ANCHORAGE, Alaska — A proposal to allow for a moose hunt in Anchorage’s Kincaid Park will not move forward after a state legal analysis found the hunt would violate Alaska’s constitution.

In March, the Alaska Board of Game unanimously approved a proposal brought by a Palmer man to allow a limited number of people with physical disabilities to hunt for antlerless moose at Kincaid, a busy 1,400-acre park just south of Ted Stevens Anchorage International Airport. The hunt would have been during a roughly two-week period in October.

But the Board of Game “lacks specific statutory authority” to allow a hunt for a specific group of people, in this case people with physical disabilities, the Alaska Department of Law said in a June 23 letter.

“Our conclusion is that the establishment of a hunt limited to persons with physical disabilities is unconstitutional because it violates the equal access clauses of Article VIII of the Alaska Constitution,” the Department of Law opinion said.

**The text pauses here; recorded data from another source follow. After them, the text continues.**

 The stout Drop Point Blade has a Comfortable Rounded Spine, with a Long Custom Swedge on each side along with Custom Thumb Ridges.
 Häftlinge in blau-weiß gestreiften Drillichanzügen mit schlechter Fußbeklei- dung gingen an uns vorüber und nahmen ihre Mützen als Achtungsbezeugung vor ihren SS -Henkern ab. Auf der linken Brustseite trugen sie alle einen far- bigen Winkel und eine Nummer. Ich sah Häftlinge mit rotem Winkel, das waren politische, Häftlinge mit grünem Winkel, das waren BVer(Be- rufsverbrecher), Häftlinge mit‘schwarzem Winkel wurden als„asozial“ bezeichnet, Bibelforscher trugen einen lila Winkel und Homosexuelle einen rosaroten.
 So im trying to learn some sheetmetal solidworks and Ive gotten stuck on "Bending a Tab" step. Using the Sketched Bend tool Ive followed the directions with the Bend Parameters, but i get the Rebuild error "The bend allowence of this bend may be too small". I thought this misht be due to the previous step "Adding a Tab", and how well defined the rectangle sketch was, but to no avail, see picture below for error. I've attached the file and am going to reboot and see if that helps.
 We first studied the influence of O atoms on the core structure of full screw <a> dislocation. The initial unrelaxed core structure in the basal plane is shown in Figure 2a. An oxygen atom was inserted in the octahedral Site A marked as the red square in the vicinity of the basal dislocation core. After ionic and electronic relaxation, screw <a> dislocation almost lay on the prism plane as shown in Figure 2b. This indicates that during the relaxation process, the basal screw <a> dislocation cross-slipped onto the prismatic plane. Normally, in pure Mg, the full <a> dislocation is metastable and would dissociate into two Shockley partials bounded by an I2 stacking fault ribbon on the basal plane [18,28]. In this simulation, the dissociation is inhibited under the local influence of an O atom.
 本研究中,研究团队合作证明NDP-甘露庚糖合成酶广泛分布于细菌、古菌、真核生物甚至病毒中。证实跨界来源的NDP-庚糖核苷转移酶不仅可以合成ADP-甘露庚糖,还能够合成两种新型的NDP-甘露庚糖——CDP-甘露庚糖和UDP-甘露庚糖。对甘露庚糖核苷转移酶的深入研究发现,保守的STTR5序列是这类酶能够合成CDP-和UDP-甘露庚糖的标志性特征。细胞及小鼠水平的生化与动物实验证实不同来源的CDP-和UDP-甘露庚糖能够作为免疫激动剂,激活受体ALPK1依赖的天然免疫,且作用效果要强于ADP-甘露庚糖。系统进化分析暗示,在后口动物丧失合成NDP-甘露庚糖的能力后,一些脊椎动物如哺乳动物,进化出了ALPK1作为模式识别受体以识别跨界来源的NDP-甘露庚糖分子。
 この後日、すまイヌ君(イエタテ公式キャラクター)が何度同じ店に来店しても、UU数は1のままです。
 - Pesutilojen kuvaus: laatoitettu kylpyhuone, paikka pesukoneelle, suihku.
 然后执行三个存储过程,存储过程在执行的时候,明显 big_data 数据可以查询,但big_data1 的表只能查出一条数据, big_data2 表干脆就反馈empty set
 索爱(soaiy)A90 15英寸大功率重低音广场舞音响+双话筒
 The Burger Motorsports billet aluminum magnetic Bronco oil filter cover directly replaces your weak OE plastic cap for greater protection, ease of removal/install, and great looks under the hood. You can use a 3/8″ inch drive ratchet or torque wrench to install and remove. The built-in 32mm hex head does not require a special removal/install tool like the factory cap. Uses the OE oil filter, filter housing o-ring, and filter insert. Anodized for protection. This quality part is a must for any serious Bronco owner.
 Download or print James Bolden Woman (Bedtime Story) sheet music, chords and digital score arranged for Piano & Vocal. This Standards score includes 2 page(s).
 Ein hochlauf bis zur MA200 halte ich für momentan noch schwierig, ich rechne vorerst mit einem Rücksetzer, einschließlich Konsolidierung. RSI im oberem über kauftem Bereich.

Ira Edwards, the Palmer man who proposed the Kincaid hunt, called the Department of Law decision “disappointing and incorrect” in an e-mail Tuesday. He pointed to youth-only hunts as an example of a situation where the state allows hunting for a specific group.

Edwards also said he has an “antagonistic” relationship with the Department of Law because of a long-running workers’ compensation claim related to the on-the-job accident in which he was injured by a falling tree, leading to lifelong paralysis.

“I find it hard to believe that this recent (Department of Law) letter is not related when there is already a long-standing precedent in statute and regulation for hunts that grant exclusive or special privileges to take fish and wildlife,” Edwards wrote.

The Department of Law analysis doesn’t necessarily mean the proposal is dead, said Rick Green, a spokesman for the Alaska Department of Fish and Game.

“My understanding is that it’s not that there’s no path forward, but the legislature would have to pass a law before the Board of Game could have the authority,” Green said.

An Anchorage attorney, Michelle Bittner, sued the state over the proposed hunt on similar grounds, saying it would have violated the Alaska Constitution by granting “exclusive or special privileges to hunt and fish for Alaska wildlife to a specific group.”

She said in an email this week that she has dropped the suit because of the state’s decision to halt the proposed hunt.